The first step is to decide on recommendation criteria. It would seem that we want to take into account how highly the paper was rated by other people, but we also want to consider ratings that are from people with similar backgrounds to the user of the system. This leads to another criteria: the similarity between ratings across papers that both users have already rated.
We will divide the code into three pieces.
First, we will take a list of previous ratings and store them in a NumPy array.
Second, we will introduce two measures of the similarity between two papers or between two people’s ratings.
Third, we will use those measures to generate recommendations for a user.
Of all the millions of papers out there, most people have only read a few. Since almost everyone has no opinion on almost every paper, the data is very sparse. A good way to store sparse data is in a dictionary for each user, where each ratings is stored as a unique paper identifier and a rating.

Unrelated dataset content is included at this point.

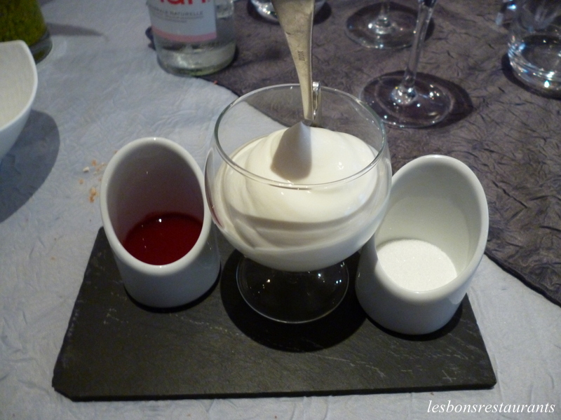 Pour le dessert, Marc a choisi le fromage blanc servi avec du sucre et un coulis de fruits rouges.
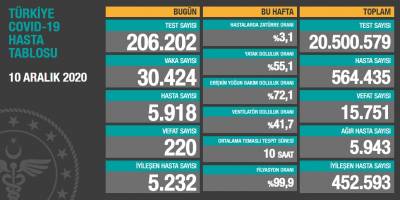 Türkiye'de son 24 saatte 196 bin 902 Kovid-19 testi yapıldı, 32 bin 137 kişinin testi pozitif çıktı, 203 kişi hayatını kaybetti. Ağır hasta sayısı 5 bin 836 oldu, iyileşenlerin sayısı ise 436 bin 270'e yükseldi.

We want to turn this data into an array. For this section, write a class that includes three public elements:
- A numpy array where element i,j is the rating of person i for paper j.
- A python list where element i is the name of person i.
- A python list where element j is the name of paper j.
We can think of each person's ratings as a real vector, so a measure of the similarity of two researchers is just the distance between their rating vectors. There are two ratings we will explore.
1) Add a function to your class to compute the 2-norm between two people's ratings. However, your function should only consider papers for which both people have provided a non-zero rating. If there are 4 papers, and Tommy has read papers 1,2, and 3 while Katy has read papers 1,3, and 4, then you should only compute the similarity using papers 1 and 3. If two people have no shared recommendations then return 0.
- Add a function to compute the Pearson correlation between two vectors in the same way you computed the 2-norm above.
- (Optional) Look up the Tanimoto distance function. Add a function to compute the Tanimoto distance.
There are a few ways to look at the recommendation data.
First, we could ask which researcher is most like you. Write a function that takes a researcher id and identifies the 5 researchers whose ratings are most like the researcher.
Second, we could ask which papers have the most similar ratings. Write a function that takes a paper id and identifies the 5 paper whose ratings are most like the paper. (Hint: could we reuse the code we've already written and use the transpose function?)
Third, we could ask for recommended papers for a researcher. Write a function that identifies the top 5 papers that a researcher should read. Keep in mind that the function should only return papers that the researcher has not already rated. In the comment, explain how this function chooses which papers to return.
Use Nose to write some tests for your code. Specifically, think about how you can test the input code and the distance measurements.
There are a few functions you will want to investigate in numpy.
- numpy.cov
- numpy.logical_and
- numpy.linalg.norm
Add the following code to a file called inputdata.py. Then you can import the data directly using:
import inputdata data = inputdata.raw_scores
The file is below:
raw_scores = {
'Bhargan Basepair' : {
'Jackson 1999' : 2.5,
'Chen 2002' : 3.5,
'Rollins and Khersau 2002' : 3.0,
'El Awy 2005' : 3.5,
'Chen 2008' : 2.5,
'Falkirk et al 2006' : 3.0
},
'Fan Fullerene' : {
'Jackson 1999' : 3.0,
'Chen 2002' : 3.5,
'Rollins and Khersau 2002' : 1.5,
'El Awy 2005' : 5.0,
'Falkirk et al 2006' : 3.0,
'Chen 2008' : 3.5
},
'Helen Helmet' : {
'Jackson 1999' : 2.5,
'Chen 2002' : 3.0,
'El Awy 2005' : 3.5,
'Falkirk et al 2006' : 4.0
},
'Mehrdad Mapping' : {
'Chen 2002' : 3.5,
'Rollins and Khersau 2002' : 3.0,
'Falkirk et al 2006' : 4.5,
'El Awy 2005' : 4.0,
'Chen 2008' : 2.5
},
'Miguel Monopole' : {
'Jackson 1999' : 3.0,
'Chen 2002' : 4.0,
'Rollins and Khersau 2002' : 2.0,
'El Awy 2005' : 3.0,
'Falkirk et al 2006' : 3.0,
'Chen 2008' : 2.0
},
'Gail Graphics' : {
'Jackson 1999' : 3.0,
'Chen 2002' : 4.0,
'Falkirk et al 2006' : 3.0,
'El Awy 2005' : 5.0,
'Chen 2008' : 3.5
},
'Stephen Scanner' : {
'Chen 2002' :4.5,
'Chen 2008' :1.0,
'El Awy 2005' :4.0
}
}